Totals constructed from swap values, average-above-threshold values, and topcode thresholds

You indicate, here:… that the swap values generally replace cells that have previously been top-coded. So we have three different historical high-income replacement methods: top codes, average incomes for all top-coded values for a demographic group, and swap values; and we have swap values for 2011 on and then a separate set of swap values supplied later for 1975 to 2010.

A preliminary question: I had previously assumed that entire records were swapped when a value exceeded the swap threshold. From looking at the swapvalues.txt .csv file, it now appears to me that only individual cell values are swapped. Is this correct? Are the “income bands” used to determine the households selected for the swap income component bands for the swapped component, or aggregate income bands for the individual or household in question?

I have questions concerning the summary values constructed from these values.

First, concerning what is in the standard IPUMS CPS extracts:

  1. For years where only topcodes are available, are summary values constructed by treating the top-codes as if they had the value of the topcode threshold?

  2. For years where average values are available, from Larrimore or otherwise, are summary values reported in IPUMS constructed by replacing the topcoded values with average values and then totaling? Or by totaling the raw, non-topcoded values and then replacing with an average if the raw total exceeds the topcoding threshold? Or is some other method used?

  3. For 2011-on swapped values, does the swapping completely replace topcoding, or is there still a (presumably higher) topcode on swapped values? If the latter, are these values provided anywhere? In either case, are summary values after swapping strictly the sums of the component values, or is some more complicated method used to calculate these totals?

  4. Are the retroactively provided swap values for 1975-2010 calculated in exactly the same way as the 2011-on values? If not, where are the differences?

  5. Was there a special, different method of topcoding summary values in 1990, using state medians above threshold rather than sum of topcoded items? (See this question: How should user's deal with topcoded values for tax--person variables pre 2010 when no swapvalues exist?). Or is this an ACS method? I don’t see any survey identification with the question.

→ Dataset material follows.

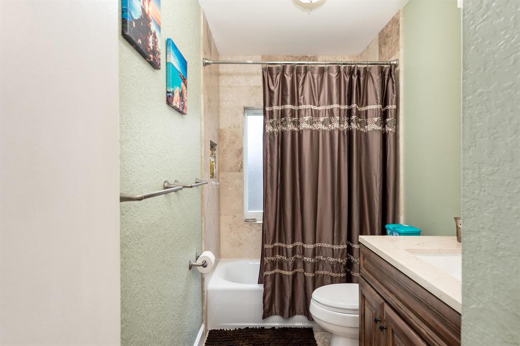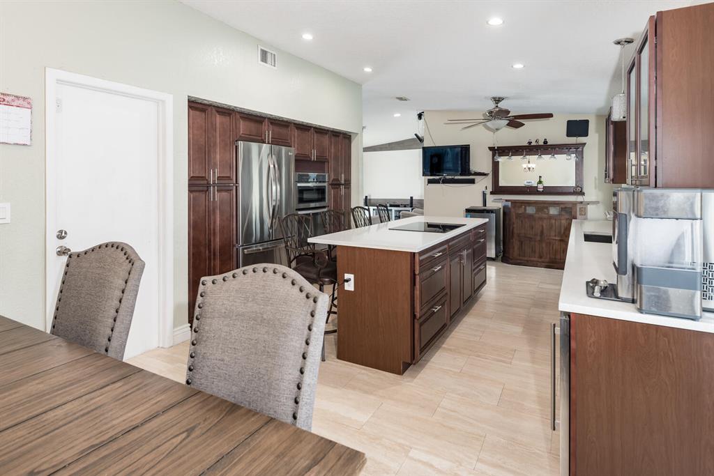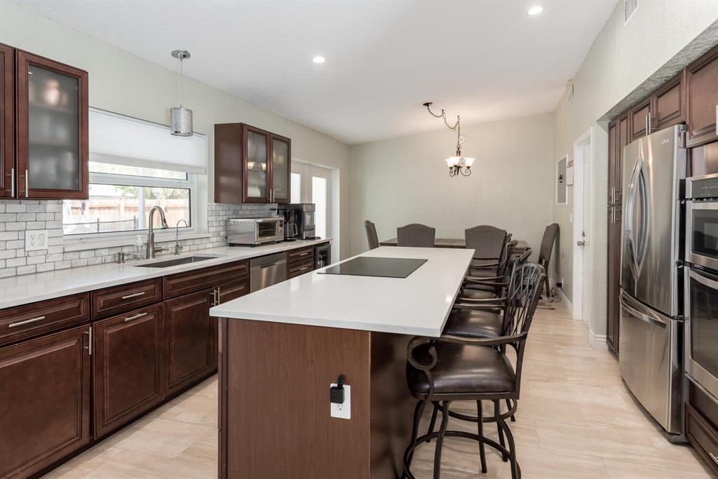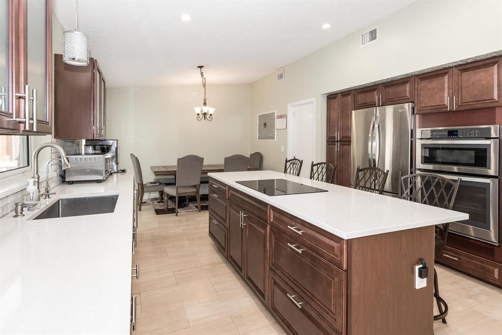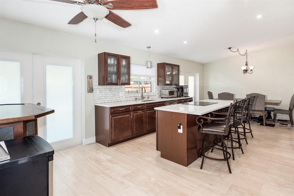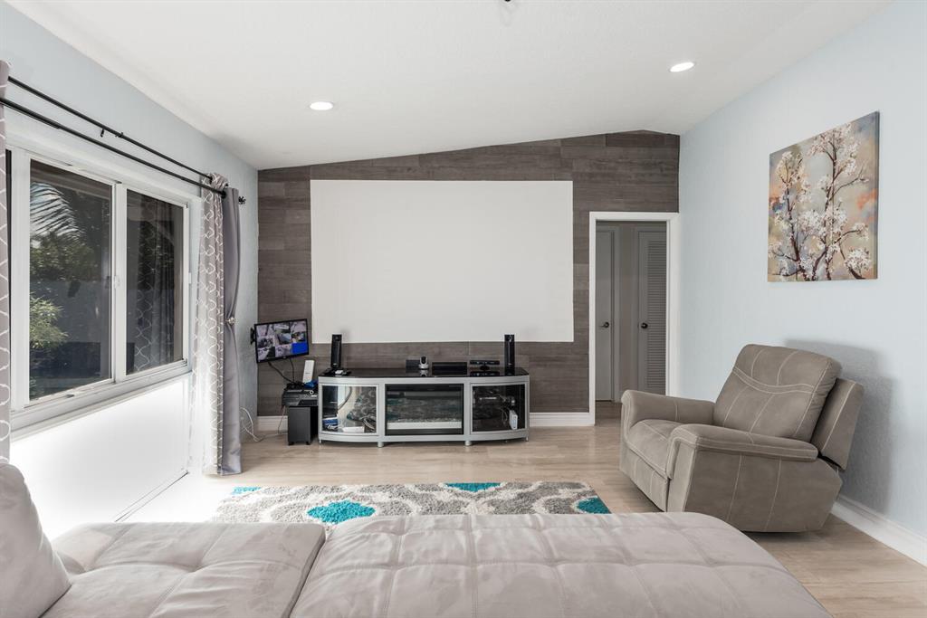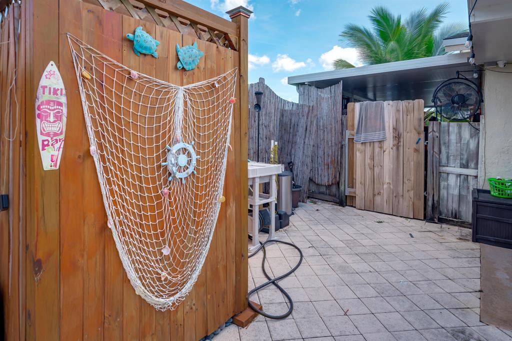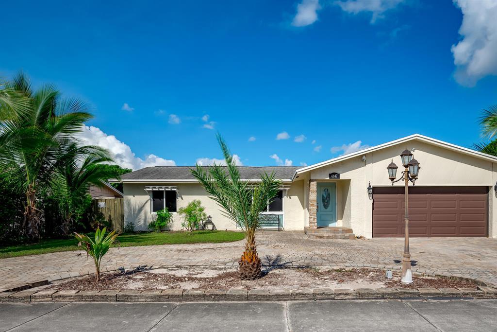 Welcome to Paradise! Beautiful totally updated 3 bedroom 2 bathroom home with hurricane impact windows & doors throughout & spectacular Salt water pool with outdoor shower & Gazebo for plenty of outdoor living. Travertine floors throughout living/kitchen area with beautiful stove top island with quartz counter-tops & beautiful cabinets. Hardwood floors in master bedroom with walk-in closet & marble top vanity in master bathroom with beautiful shower with jets & LED shower head. Bamboo flooring in the other bedrooms with built in floating organizer in closets. Newer AC with UV antibacterial lamp. Tank-less Hot Water heater. Newer electrical panel in garage. 9 camera system with monitor. Stainless steel appliances. Circular paved Driveway with 2 car garage. Move-in Ready! Priced to sell!

The ASEC high-income summaries are generally averages, not medians, correct?

  6. If the answer to any of these questions is “We don’t know?”, is there anyone at the Bureau that you would suggest as a good contact?

I’ll aim to address each question one at a time.

(Preliminary question) Yes, the swap values replace only individual cell values. This process helps ensure that individuals with high levels of income are not able to be individually identified in the microdata and preserves the ability of the data to calculate accurate estimates of incomes at the upper end of the distribution. In this method, all values greater than or equal to the income topcode are systematically swapped with other values with a bounded interval of a given income variable.

Regarding these “summary values”, I understand this to mean the aggregated income variables (such as INCTOT). If this assumption is incorrect, please correct me.

(1) For years where only topcodes are available (e.g. years prior to 2011) income values above the topcode are replaced with the topcode value. Therefore, aggregated income variables treat the topcoded values as if the topcode is the income value.

(2) For aggregated income variables that come directly from the Census Bureau, the aggregation of the various components includes the topcoded value.

(3) As noted on this page, from 2011 onward the Census Bureau moved away from the average replacement value system to a rank proximity swapping procedure. In this procedure, all values greater than or equal to the income topcode are ranked from lowest to highest and systematically swapped with other values within a bounded interval. Therefore, the aggregated values of income variables should be the sums of the component values.

(4) The methods for constructing these retroactively generated swap values are detailed in this paper by Larrimore et al. (2008).

(5) (Note: I don’t see any reference to 1990 topcodes in the User Forum link in the question.) The ACS uses a method of using state-specific topcoding scheme. This method does not apply to the CPS. Also, as far as I am aware, wherever appropriate, means are used instead of medians.

(6) We don’t have any specific Census Bureau contacts we are able to suggest you contact in response to these questions. We recommend contacting the Census Bureau through officially listed channels.

In number 4 above, did you intend to refer to a different paper? This one seems to be about construction of cell means rather than swap values.

I think that IPUMS documentation uses the term “top codes” in a somewhat inconsistent manner. It seems to refer sometimes to what I would call top codes – uninformative codes like 999997 indicating that the observed value was above the topcoding threshold; sometimes to the top coding threshold value itself, and sometimes to data-based means of persons above the threshold.

I think this is the correct paper. As I noted on this page under the rank proximity swap values 1976-2010 section, “Each file contains income values to replace topcoded income components for every ASEC sample from 1975 to 2010. The purpose of this file, and the related file from Larrimore et al. (2008) (above), is to provide researchers with income data using a consistent topcoding method. We provide the Census Bureau revisions with IPUMS identifiers and income variable names.”

I’ve previously noted your feedback about the IPUMS CPS documentation on top-codes. These sorts of revisions take time to implement. We ask for your patience as we consider improvements.